▼▼▼

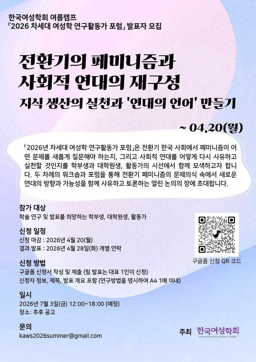 한국여성학회 여름캠프 「2026 차세대 여성학 연구활동가 포럼」의 발표자를 모집합니다.
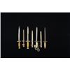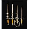 1) LUFTWAFFE. Overall length: 16 3/4". Unmarked blade. Aluminum crossguard & pommel. Wire wrapped yellow composite grip. Plated scabbard. CONDITION: blade shows some areas of factory polish. Mounts show expected wear. Grip has a crack & sm. loss near the ferrule. Wire is complete. Scabbard shows light wear. 2) LUFTWAFFE. Overall length: 17". Blade marked “RICH A. HERDER SOLINGEN”. Aluminum crossguard & pommel. Wire wrapped yellow composite grip. Plated scabbard. CONDITION: blade has spotty water damage & nicks to the edge. Mounts show moderate wear. Hilt is a bit loose. Grip has significant losses at the top & bottom. Scabbard body is very oxidized. 3) ARMY. Overall length: 15 1/2". Unmarked blade. Plated mounts. White grip likely of post war mfg. Plated scabbard. Complete w/ knot. CONDITION: blade shows very light wear. Mounts have tarnish & a bit of oxidation. Grip shows numerous sm. drying cracks. Scabbard has some loss of finish. Knot shows light wear. 4) ARMY. Overall length: 14 1/2". A relic dagger that may be excavated. No scabbard. CONDITION: blade has a dark patina w/ pitting. Mounts are oxidized & pitted. Grip has significant wear & staining. No scabbard. (02-14486/BF). $800-1,200.
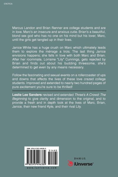 Marcus Landon and Brian Renner are college students and are in love. Marc's an insecure and anxious cutie. Brian's a beautiful, blond sex god who has no one on his mind but his lover, Marc, until the girls get tangled up in their lives. Janice White has a huge crush on Marc which ultimately leads them to explore the ménage a trois. The last thing Janice envisions happens; she falls in love with both Marc and Brian. After her roommate, Lorraine "Lily" Cunnings, gets rejected by Brian and finds out about his budding threesome, she's determined to get even by any means necessary. Follow the fascinating and sexual events on a rollercoaster of ups and downs that affects the lives of these love crazed college students. Improved and extended to nearly two hundred pages of pure excitement you're sure to be thrilled!
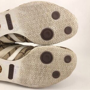 Woven Jacquard canvas material and suede leather upper. Lace up closure. Molded rubber outsole.
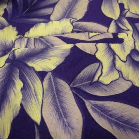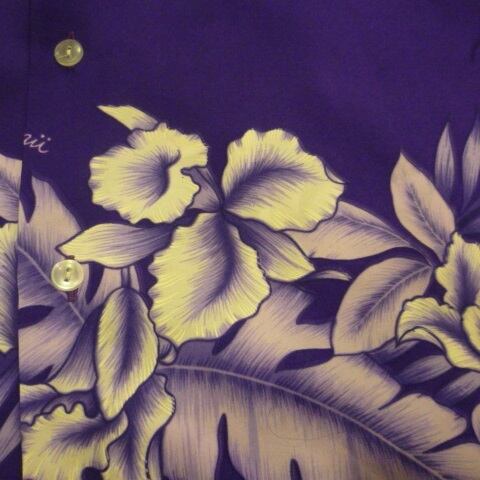綺麗な花柄です! ハワイアンフレーバーのアロハ ■カラー:濃いパープル地に花柄 ■サイズ:表示 L(肩幅47cm、身幅58cm、着丈74cm、袖丈26cm)多少の誤差はご了承ください。 ■素材:ポリエステル100% ■原産国:U.S.A ■コンディション:古着並で目に付く汚れやダメージはありません。

▲▲▲

Task instructions: Starting with the line that holds "Woven Jacquard canvas", transcribe exactly each line through the last one of the material above, and nothing else. Do not include pictures.

Completed task:
 Woven Jacquard canvas material and suede leather upper. Lace up closure. Molded rubber outsole.
綺麗な花柄です! ハワイアンフレーバーのアロハ ■カラー:濃いパープル地に花柄 ■サイズ:表示 L(肩幅47cm、身幅58cm、着丈74cm、袖丈26cm)多少の誤差はご了承ください。 ■素材:ポリエステル100% ■原産国:U.S.A ■コンディション:古着並で目に付く汚れやダメージはありません。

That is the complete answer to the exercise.